Volume 1 – Arco 3
Capítulo 39: O Hospital Ducal
Vaia andava pelas ruas de Tzoldrich coçando as mãos de nervosismo.
O ar estava frio assim como toda manhã, mas ela continuava a se destacar com o vestido vermelho e preto de rosas entregue a ela por Yvelle. Também usava um cachecol que cobria sua cabeça como um capuz.
A duquesa havia falado com ela sobre o encontro no hospital.
Vaia sabia de seu dever, iria ficar de plantão para que Yvelle pudesse inspecionar as habilidades dela mais de perto, entretanto, a jovem também estava interessada em tirar o máximo de informações possíveis acerca da duquesa.
Pessoalmente, ela já se sentia mais confortável perto da mulher, por ela a ter acolhido, assim como os seus amigos lá em casa fizeram. Portanto, Vaia estava disposta a dar o benefício da dúvida sobre esses rumores de conluio com o norte e San-Solaris.
Por sorte, parece que boa parte das pessoas estavam vestindo roupas coloridas, além disso, algumas barracas em mercados da cidade estavam montando inventários de buquês de flores.
“Será que tem alguma data especial se aproximando? Tem algo a ver com flores, mas nós não estamos na primavera…”
As ruas ladrilhadas estavam silenciosas, com os raros momentos em que era possível ouvir latidos de cachorros ou murmúrios de conversas entre pessoas falando sobre a ocasião especial que estava se aproximando.
Os três sóis ainda brilhavam por trás das cordilheiras. Isso fazia com que Vaia testemunhasse uma vista bela do morro que subia até outros distritos de Tzoldrich, iluminado por postes de luz com eletricidade.
Ela se lembrou do breve tempo que passou em Arquoia antes de embarcar no navio de Heinrich. Comparado com Arquoia, Tzoldrich tinha uma atmosfera muito mais amigável.
“Arquoia era muito mais fria, úmida e cinzenta. De certa forma, recordar disso agora me deixa até depressiva”, pensou com a cabeça baixa.

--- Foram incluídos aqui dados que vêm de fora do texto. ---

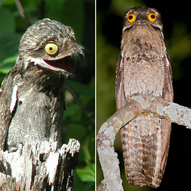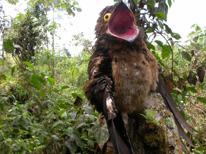 Как можно догадаться по размеру глаз, Потоо - ночные птицы, днём предпочитают спать, именно поэтому так трудно найти фотографии их с открытыми глазами.
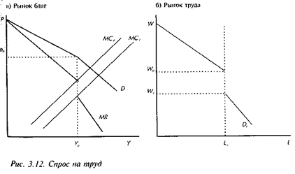 На рис. 3.11 равновесному решению в условиях монополии на рынке благ и монопсонии на рынке труда соответствует точка А (MRP’ = MCL ), уровень занятости при этом будет равен L*, он меньше, чем уровень занятости для ситуации конкурентный рынок труда – конкурентный рынок благ (L0 ). чем уровень занятости для ситуации конкурентный рынок труда – монополия на рынке продукта (L’), чем уровень занятости для ситуации монопсония на рынке труда – конкурентный рынок благ (LM ). Заработная плата W* будет определяться кривой предложения труда SL в соответствии с уровнем занятости L*. Она также меньше заработной платы для случая конкуренции (W0 ), монополии (W’), монопсонии (WM ). 6. Спрос на труд в ситуации олигополии на рынке благ Олигополия – это тип рыночной структуры, при которой на рынке существует небольшое ограниченное количество продавцов. Конкуренция и взаимозависимость фирм в ситуации олигополии одинаково важны (кроме экстремальных случаев договорной олигополии, которая приобретает форму совместного извлечения прибыли, когда рыночная ситуация аналогична ситуации с монополистом, владеющим многими предприятиями). Теория олигополии предполагает анализ взаимного поведения фирм с позиции теории игр, поэтому вывод простой функции спроса на труд в общем случае представляется проблематичным. Рассмотрим спрос на труд олигополии в частном случае, когда олигополистическая фирма имеет ломаную кривую спроса на рынке благ. На рис. 3.12а показано, что при текущем рыночном выпуске Y0 (определяемом равенством МС = MR) кривая спроса имеет явный перелом. Если фирма снижает свою цену, при прочих равных условиях ее конкуренты будут вынуждены снизить свои цены и кривая спроса на продукт фирмы будет относительно неэластична; если, наоборот, фирма повышает свою цену, то конкуренты не обязаны следовать за ней, и спрос на продукт фирмы станет относительно эластичным. При этих обстоятельствах фирма сталкивается с ломаной кривой спроса на продукт при текущей равновесной цене p0 . Однако ломаная кривая спроса на продукт не только предполагает взаимосвязь между ценами на продукт и выпуском, но и между заработной платой и занятостью. Перелом на рис. 3.12а происходит при равновесном уровне выпуска Y0 , который связан с применением L0 труда (рис. 3.12б). Как и в случае монополии, у олигополии цена на продукт непостоянна при разных объемах выпуска, поэтому кривая предельного дохода MR отклоняется от кривой спроса D, но так как кривая спроса имеет перелом, то кривая предельного дохода будет иметь разрыв при выпуске Y0 . Тогда кривая предельного денежного продукта труда, т.е. кривая спроса на труд DL , также не непрерывна в точке L0 , и равновесие
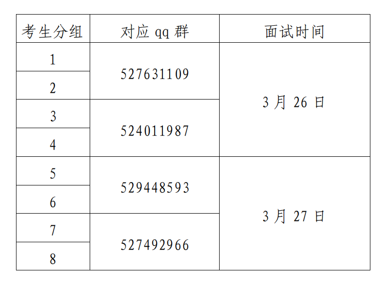 请考生下载附件查看分组后,加入对应的qq群,qq群用于面试候考及面试相关信息发布,面试时由联络员(群管理员)告知腾讯会议号码。请勿错加、重复加群,进群后修改备注为:
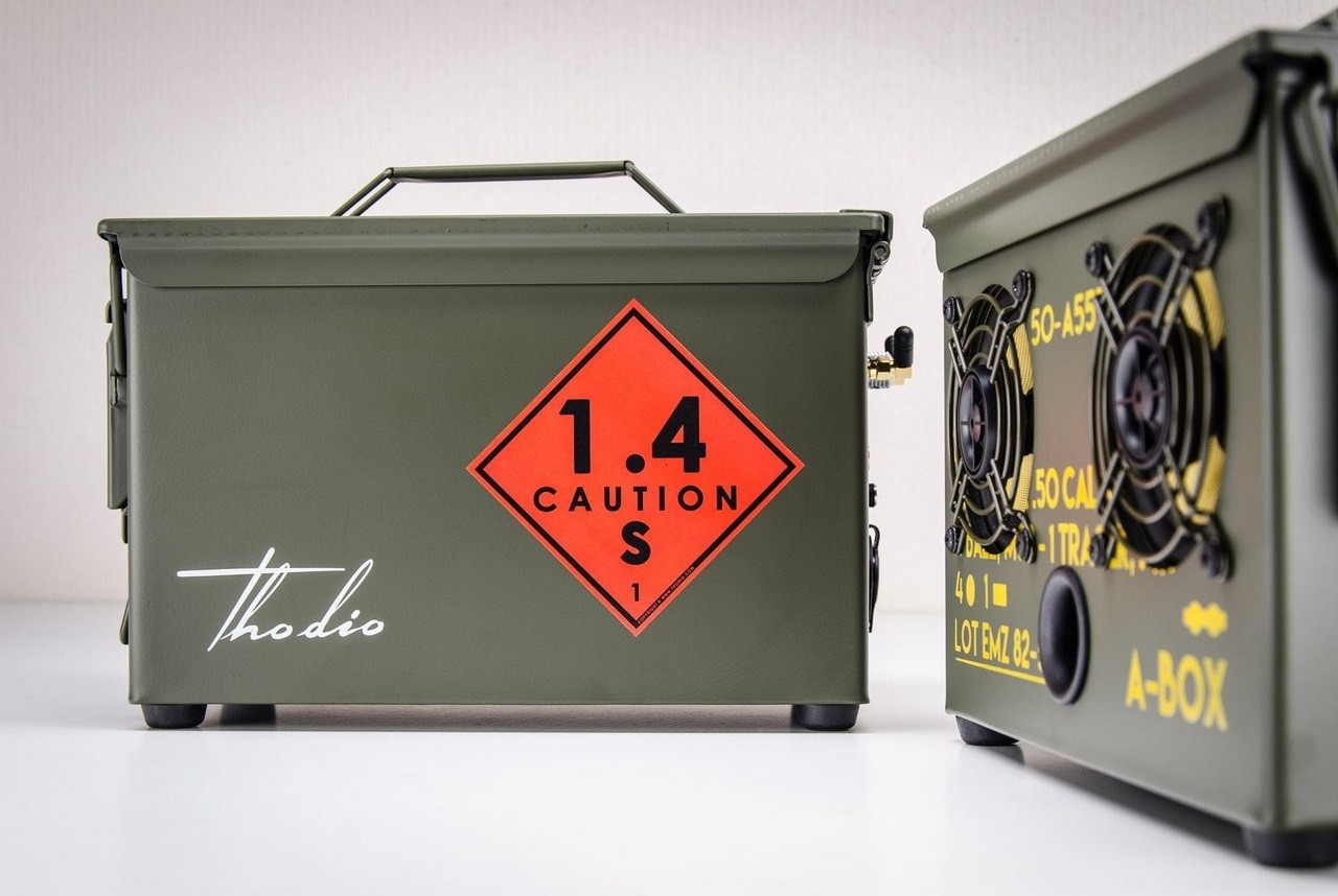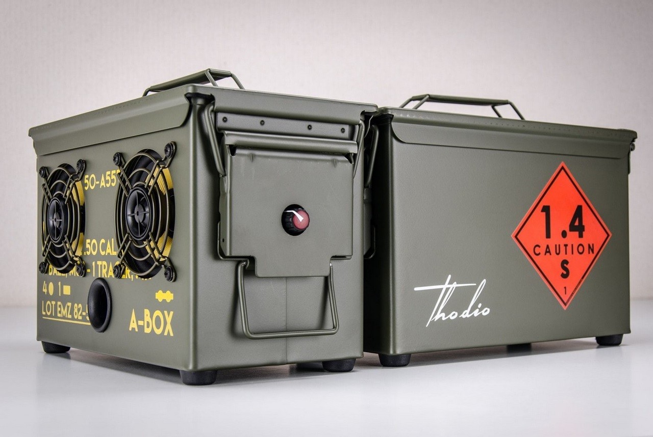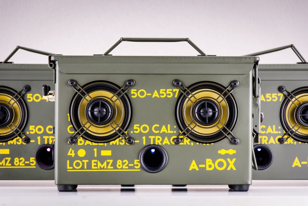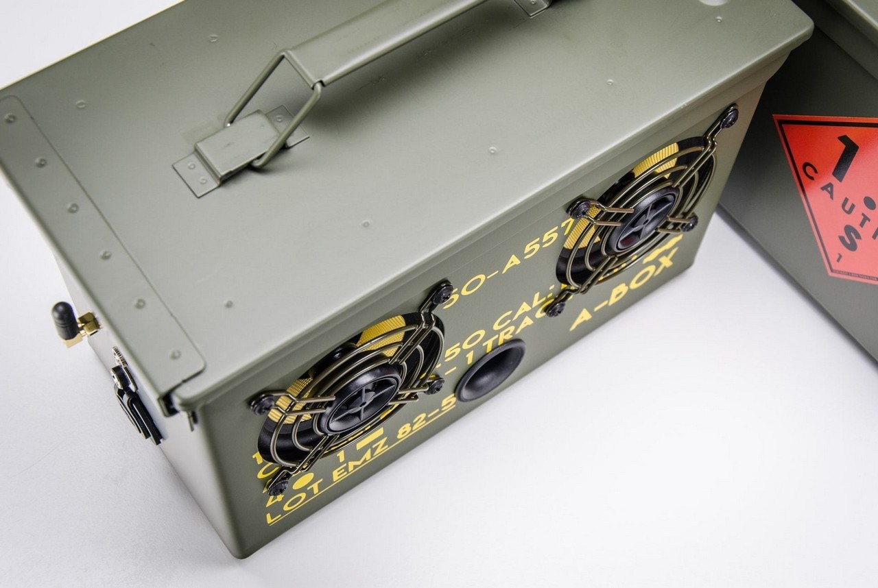 Developed and perfected over the last 8 years, the Thodio .50 Cal Ammo Can Boombox is a wireless speaker built into an original 50’s design .50 CAL ammo can. Also known as the A-BOX, the portable unit can handle serious abuse while offering an impressively loud and clear sound.

Os tons de amarelo, laranja e vermelho permearam as montanhas e muralhas da grande cidade, colorindo os telhados e casas de Tzoldrich.
“Aqui é mais vivo, pacífico e amigável.”
Em resposta ao conforto que ela sentiu com a cena, uma das frases de Zaltan da noite anterior voltou à sua memória:
“Entendam que essa paz de vocês é uma farsa!” A última palavra ecoou em sua mente como uma dor de cabeça insuportável, até que Vaia agarrasse seu cachecol pelas pontas e puxasse, tentando amenizar a dor.

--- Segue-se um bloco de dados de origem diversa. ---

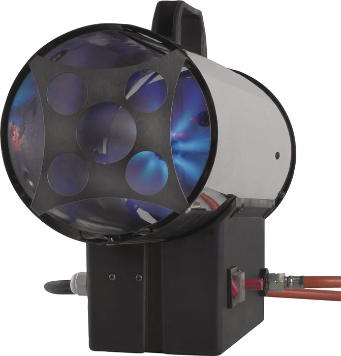 Heißluftpistole · Leistung von 10 kW · Luftverdrängung von 300 m³ pro Stunde dafür · für Räume bis zu 350 m³ · verwendet Sauerstoff zur Verbrennung · sehr hohen Wirkungsgrad von fast 100% · eine gute Belüftung ist wichtig · mit Schlauch und Regler geliefert
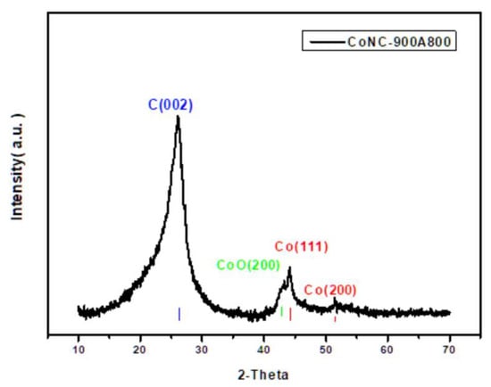 CoNC-900A800 was chosen to analyze the ordered crystalline structure of CoNCs by XRD patterns. The pattern displayed a significant peak at about 25° related to the C(002) plane, as seen in Figure 4 for CoNC-900A800. The remaining peaks exhibited smaller intensities at 2θ = 43°, 44°, and 51.5°, corresponding to the CoO(200), Co(111), and Co(200) planes of crystallized cobalt, respectively. Based on Bragg’s law, the d-spacings for the C(002) and Co(111) planes are 0.356 and 0.205 nm, respectively, matching the results obtained from the HR-TEM picture in Figure 3d. The affluent crystallized carbon composition of carbon nanobelts (CNBs) or carbon nanorings (CNRs) indicates that a highly conductive carbon matrix is ready to serve as the medium for the electrons from the anode. The unprotected Co crystals or Co oxides (CoO) can be removed by acid leaching. Therefore, the Co-crystalline formed is believed to be under the protection of the carbon matrix and is free from oxidation during acid leaching and calcination. Co crystals can explain why many CNBs and CNRs were created during calcination. As seen in the TEM pictures, the Co (or Fe) crystal acts as the seed to grow CNTs from consuming other carbon matrices [41,42,43,44,45,46].

A moça apertou o passo até que chegasse ao hospital ducal depois de alguns minutos.
O prédio do hospital ainda estava igual ao dia em que Vaia saiu. Uma construção de cor amarelo pastel, com um grande pátio na frente.

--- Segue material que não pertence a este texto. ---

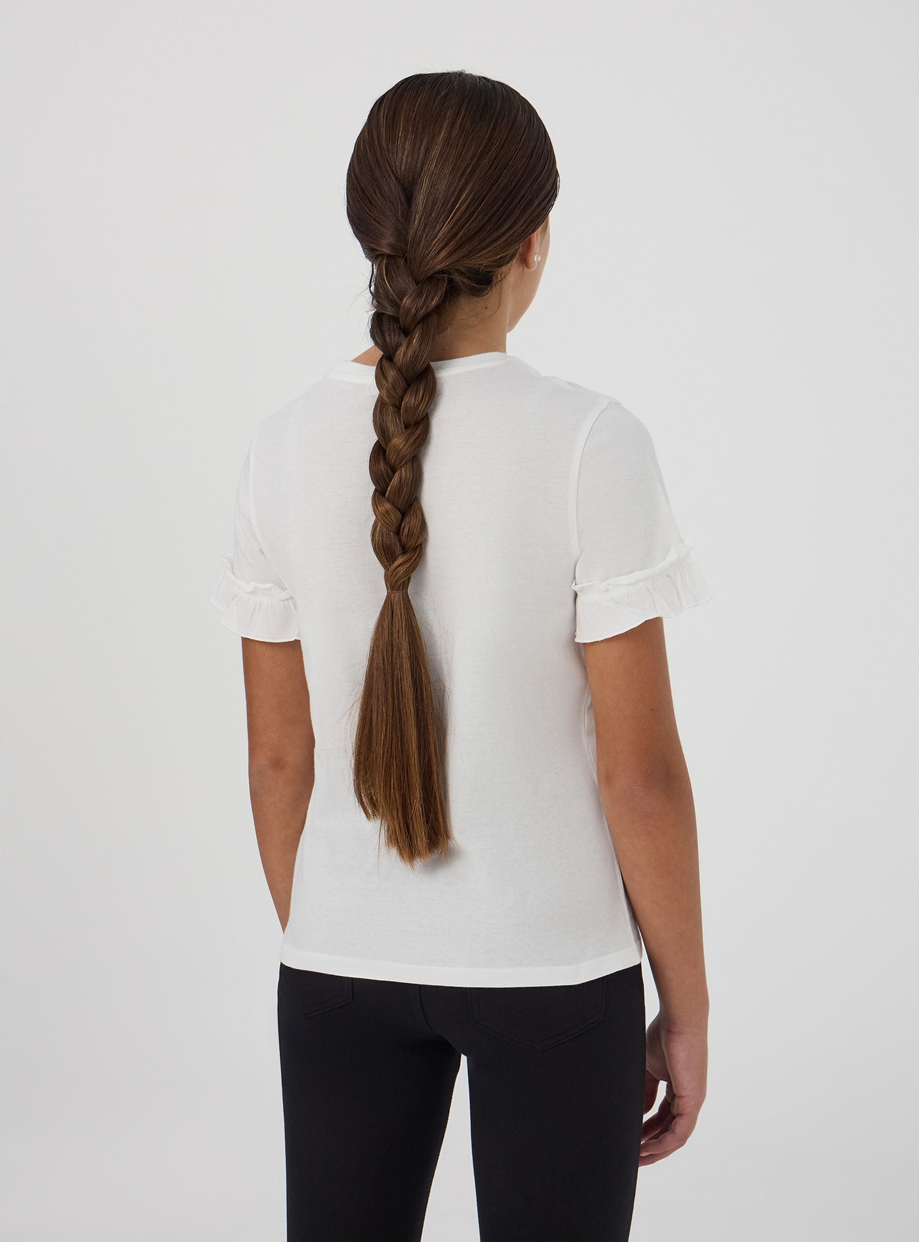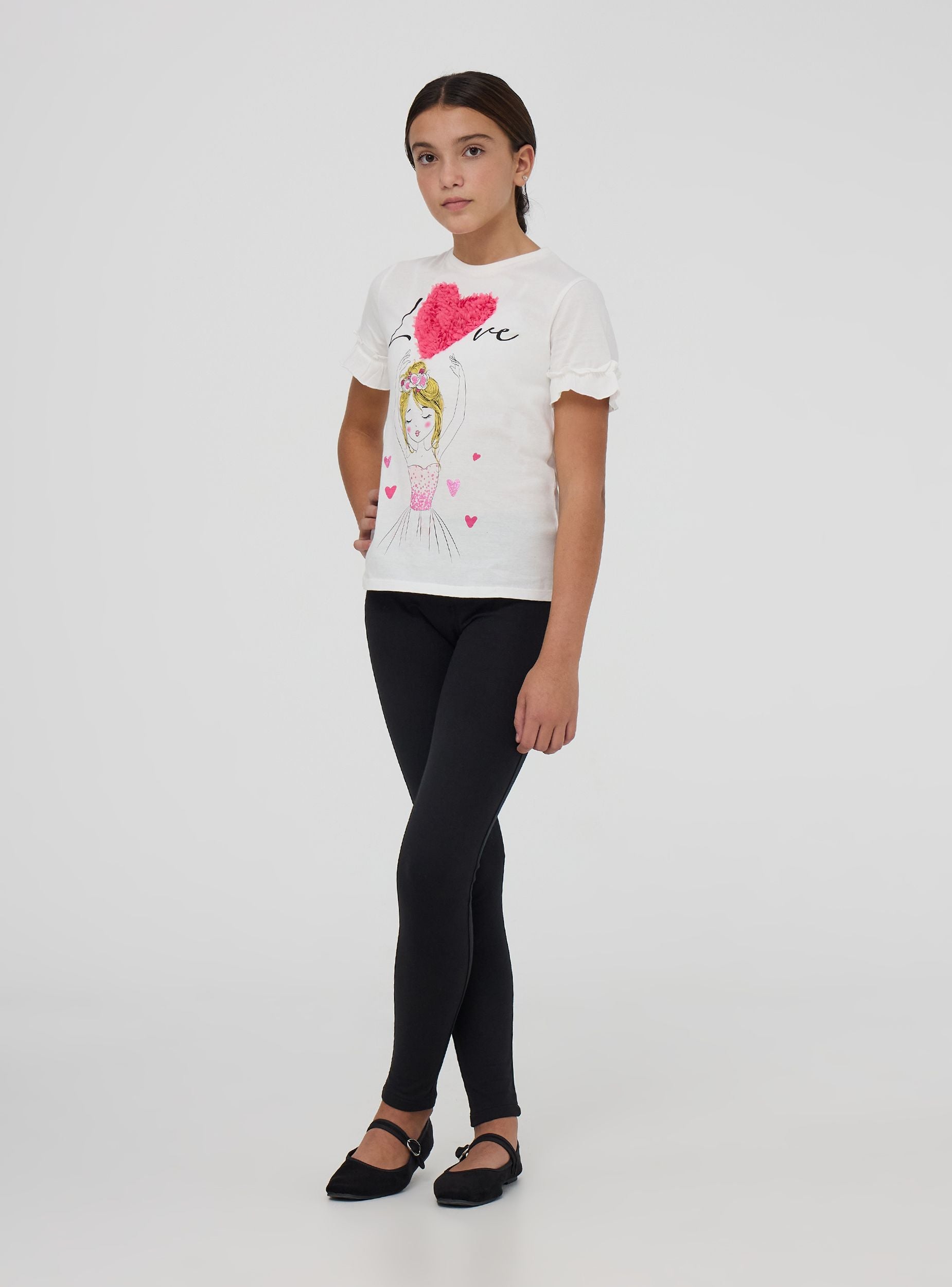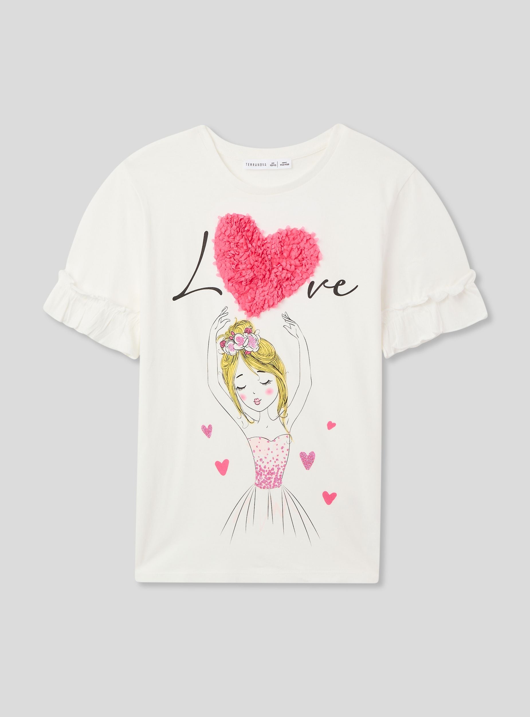 Maglietta da bambina ideale per un look dolce e giocoso, perfetta per una giornata di scuola o un'uscita con gli amici. Con maniche corte e girocollo, offre comodità e stile. La stampa è arricchita da applicazioni e un cuore con effetto petali che dona un tocco romantico e originale al design.Dettagli

Ele havia sido construído em uma área plana da cidade, o que permitia um tráfego bom de pessoas, além de ser central, o que não gerava a necessidade de outros hospitais espalhados, mesmo desconsiderando seu tamanho.
Vaia adentrou pelas portas principais da construção, se deparando com uma visão surpreendente.
Yvelle já estava reunida com outros doutores e enfermeiros. Vaia captou o contexto da conversa, deixando-a ainda mais constrangida.
— Porém, hoje, vocês devem aprender com ela.
— Duquesa, mas com todo respeito, eu acho impossível que ela tenha reconstruído as pernas esmigalhadas com apenas o que nosso hospital tinha disponível. — Uma enfermeira se aproximou de Yvelle, que manteve um sorriso confiante.
— Mas é verdade, e isso sem os equipamentos novos que recebemos do norte!
…
Yvelle ouviu as portas da entrada se fechando. Virando-se, ela viu Vaia parada e corada.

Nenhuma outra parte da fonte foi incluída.